When IV is expensive, many professional traders prefer selling options. When IV is cheap, traders often position themselves to buy options, or go net debit, looking to benefit from a large move in the underlying asset, whether that be a stock, ETF, or index.

Volatility Type Direction What It Measures Why It Matters to You
Implied (IV) DirectionForward What It MeasuresWhat the market expects the stock to do, backed out of an option's price Why It Matters to YouIt's what you pay for volatility today. High IV, fat premiums. Low IV, cheap ones.
Realized (RV) DirectionBackward What It MeasuresWhat the stock actually did over the window you care about, usually the life of your trade Why It Matters to YouIt decides the outcome. Buyers want RV above the IV they paid. Sellers want it below.
Historical (HV) DirectionBackward What It MeasuresThe same math as realized, pointed at a fixed past window like 30 or 90 days Why It Matters to YouA reference point. Tells you if today's IV looks cheap or expensive versus normal.
Forecast (FV) bonus DirectionPredicted What It MeasuresYour own estimate of what realized volatility will turn out to be, from a model or your judgment Why It Matters to YouThe trade itself. When your forecast disagrees with implied, that gap is the edge you are betting on.

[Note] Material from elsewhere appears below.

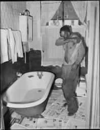 | Keywords: John R. Blaney, coal leader, undresses to take his bath. His is the only bathroom in ... camp. He has been with... - NARA - 540937.tif Scope and content General notes 540937 Local identifier 245-MS-1803L Department of the Interior Solid Fuels Administration For War 04/19/1943 - 06/30/1947 NARA-Author Lee Russell 1903-1986 Photographer 2489414 <br /> Still Picture Records Section Special Media Archives Services Division NWCS-S National Archives at College Park 8601 Adelphi Road College Park MD 20740-6001 1946-08-22 Record group Record Group 245 Records of the Solid Fuels Administration for War 1937 - 1948 Record group ARC 572 Photographs of the Medical Survey of the Bituminous Coal Industry compiled 1946 - 1947 Series ARC 540230 File unit File unit ARC Variant control numbers NAIL Control Number NWDNS-245-MS-1803L yes Other versions <gallery> File John_R _Blaney _coal_leader _undresses_to_take_his_bath _His_is_the_only_bathroom_in_ _camp _He_has_been_with _-_NARA_-_540937 tif tif File John_R _Blaney _coal_leader _undresses_to_take_his_bath _His_is_the_only_bathroom_in_ _camp _He_has_been_with _-_NARA_-_540937 jpg jpg </gallery> NARA-cooperation PD-USGov 1946 in West Virginia Bathrooms in the United States Coal miners Russell Lee Undressing men People with partially unzipped or unbuttoned clothes Coal mining in the United States NARA TIF images with categorized JPGs |

What Is Implied Volatility?

Implied volatility is the market's expectation of how much a stock will move in the future, expressed as an annualized percentage. It reflects market sentiment and market uncertainty about how far the underlying price will move. You don't measure it from price history. You back it out of an option's current market price using a pricing model like Black-Scholes. Take the price the option is trading at, plug it into the model, and solve for the volatility number that makes the math line up.

That makes IV the only truly unknown input in options pricing. Strike price, stock price, time to expiration, and interest rates are all known. Volatility is the variable the market argues over, and it's the one that moves premiums. When IV rises, option premiums inflate. When it falls, they fall, which is the IV crush you hear about around earnings.

implied volatility formula
👨
Pro Tip: When you buy an option, you're buying implied volatility along with direction. Pay 80% IV on a stock that only realizes 40% volatility, and you can be right on direction and still lose money. The volatility you pay at entry is often one of the biggest drivers of the trade's outcome.

What Is Realized (Historical) Volatility?

Realized volatility is what the stock actually did. You calculate it straight from past price movements: take the daily returns over a window, find their standard deviation, and annualize it. These underlying price changes are all the math needs. No model, no market opinion, just math on what already happened.

Historical volatility is the exact same calculation. The only difference is the window. People say historical when they mean a fixed, standard lookback like trailing 30 or 90 days, and realized when they mean the specific stretch they care about, often the life of a trade. You'll also hear it called statistical volatility, since it's pure stats run on past returns. Same formula, different slice of time. For most purposes you can treat them as the same thing, and plenty of traders use the words interchangeably.

historical vs realized volatility

Where Can I View Implied and Historical Volatility?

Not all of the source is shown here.